Determining the marker levels in screening tests is essential for identifying individuals at risk of IEM and highlights the need for comprehensive healthcare strategies. Elevated markers can pinpoint populations, such as those with high rates of consanguinity, that are more susceptible to these disorders. This necessitates the development of targeted genetic counselling and community interventions to address the risks associated with close blood relationships. Furthermore, enhancing laboratory diagnostic capacities ensures accurate and timely identification of IEMs, enabling early intervention. Increasing awareness and understanding of IEM management strategies among healthcare providers and the community is crucial for improving outcomes and quality of life for affected individuals.

Limitations

The parents of infants who were tested positive on the initial screening were requested to undergo retesting; however, a significant proportion of them did not comply with the request due to reasons stated above. Consequently, the retesting process for validating screen-positive results was compromised, limiting the study’s ability to accurately confirm the true positive cases. As a result, the screening sensitivity and positive predictive value were not determined. We plan to address this in our future studies.

Future directions

Given that a significant portion of the population resides in rural areas, our future efforts will focus on increasing awareness of IEMs and the importance of NBS. We plan to implement a multifaceted outreach strategy, which includes the distribution of educational brochures, press release and patient stories. Additionally, we will set up booths at community events and organise parental education initiatives to directly engage with the public. To further extend our reach, we intend to hold targeted events for healthcare professionals, including paediatricians, general practitioners and midwives, to ensure they are well informed about the importance of NBS and early diagnosis of IEMs. These events will aim to foster collaboration among healthcare workers in both urban and rural settings.

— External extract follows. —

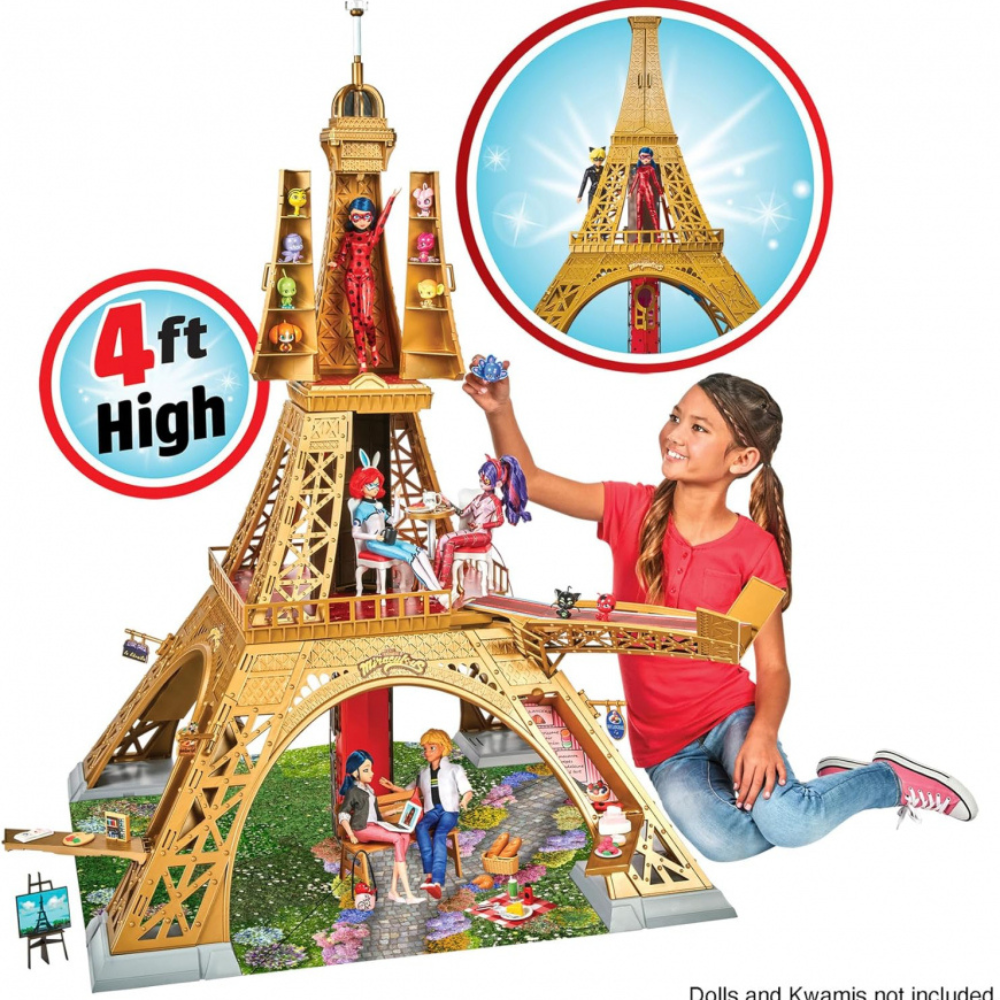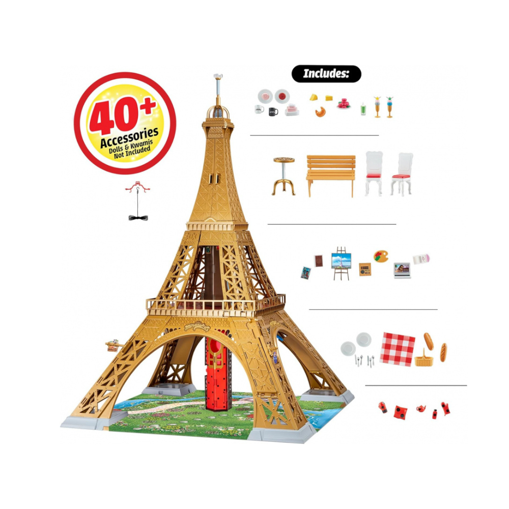 PARIS HEROEZ PLAYSET | Create your own Paris adventures with this amazing Miraculous Ladybug Dolls Playset for girls and boys. This incredible Miraculous toy is 50” tall with 3 levels of interactive fun, and is compatible with the 26cm Miraculous dolls range (DOLLS NOT INCLUDED AND SOLD SEPARATELY). GROUND LEVEL | At the base of the Miraculous Paris Heroez Playset is a wonderful picnic area for your Ladybug and Cat Noir toys to enjoy. Each leg of the tower folds out into a different hidden shop and the set comes with over 40 themed Miraculous accessories for your dolls to interact with. 2ND LEVEL | Marinette can take the lift up from the ground level to the second level while she transforms into the superhero Ladybug! Your Miraculous Ladybug toys can enjoy a bite to eat in the café, and then take in the view from the extendable balcony. 3RD LEVEL | At the top of this Miraculous Ladybug doll playset there is hidden storage for up to 8 Kwami companions that come with the Miraculous 26cm doll range, each sold separately. There is also an exciting zip-line so Ladybug can swing into action as a superhero to save the city of Paris. MORE MIRACULOUS TOYS | There is a large range of Miraculous Ladybug and Cat Noir girls toys and playsets to discover, from 26cm fashion dolls of all of your favourite characters, to role play dress up sets, to location and vehicle playsets, and even cuddly plush Kwamis you can take wherever you go.

Based on our experience and the data gathered from our current study, future research endeavours will focus on improving the follow-up process for screen-positive newborns. This will involve developing systematic follow-up protocols to ensure that infants who test positive during the screening process receive timely and appropriate retesting and care. Furthermore, we plan to undertake larger-scale studies to accurately determine the prevalence of treatable IEMs in different regions of the country, with a special focus on populations that may be at higher risk due to genetic or socioenvironmental factors. These initiatives are designed to address both the gaps in awareness and the logistical challenges of follow-up, ultimately improving early detection and management of treatable IEMs across India.

Conclusion

In conclusion, raising public awareness about IEMs through media campaigns and healthcare provider education is vital for reducing the physical and mental burdens associated with these conditions. Enhanced co-ordination among paediatricians, geneticists, medical professionals and parents is needed to establish an efficacious neonatal screening programme that might potentially serve as a prototype for other developing countries, such as India. Current studies on IEMs often focus on high-risk populations, introducing potential bias and highlighting the need for unbiased, population-based research. To accurately assess the prevalence of IEMs in India, a universal and expanded screening programme is needed, covering both institutional and home births.

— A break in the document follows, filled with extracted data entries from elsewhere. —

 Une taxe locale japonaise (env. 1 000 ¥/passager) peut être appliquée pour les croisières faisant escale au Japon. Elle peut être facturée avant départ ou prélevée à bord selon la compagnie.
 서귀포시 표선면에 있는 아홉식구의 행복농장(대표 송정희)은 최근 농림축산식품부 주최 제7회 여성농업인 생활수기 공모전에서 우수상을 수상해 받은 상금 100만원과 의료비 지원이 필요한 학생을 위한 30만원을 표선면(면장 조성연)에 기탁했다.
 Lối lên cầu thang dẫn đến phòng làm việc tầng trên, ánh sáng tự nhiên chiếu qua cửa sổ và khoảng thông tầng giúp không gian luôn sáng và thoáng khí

Despite the lack of a national policy on NBS, India’s high birth rate and the success of other national healthcare campaigns, such as vaccination programmes, provide an opportunity to develop a comprehensive NBS strategy. Policymakers should prioritise improving laboratory diagnostic capacities and community interventions to address consanguinity risks and increasing public awareness of IEM management strategies. It is crucial to understand that NBS is an ongoing programme that requires integrated care pathways to ensure successful early diagnosis, treatment and long-term management.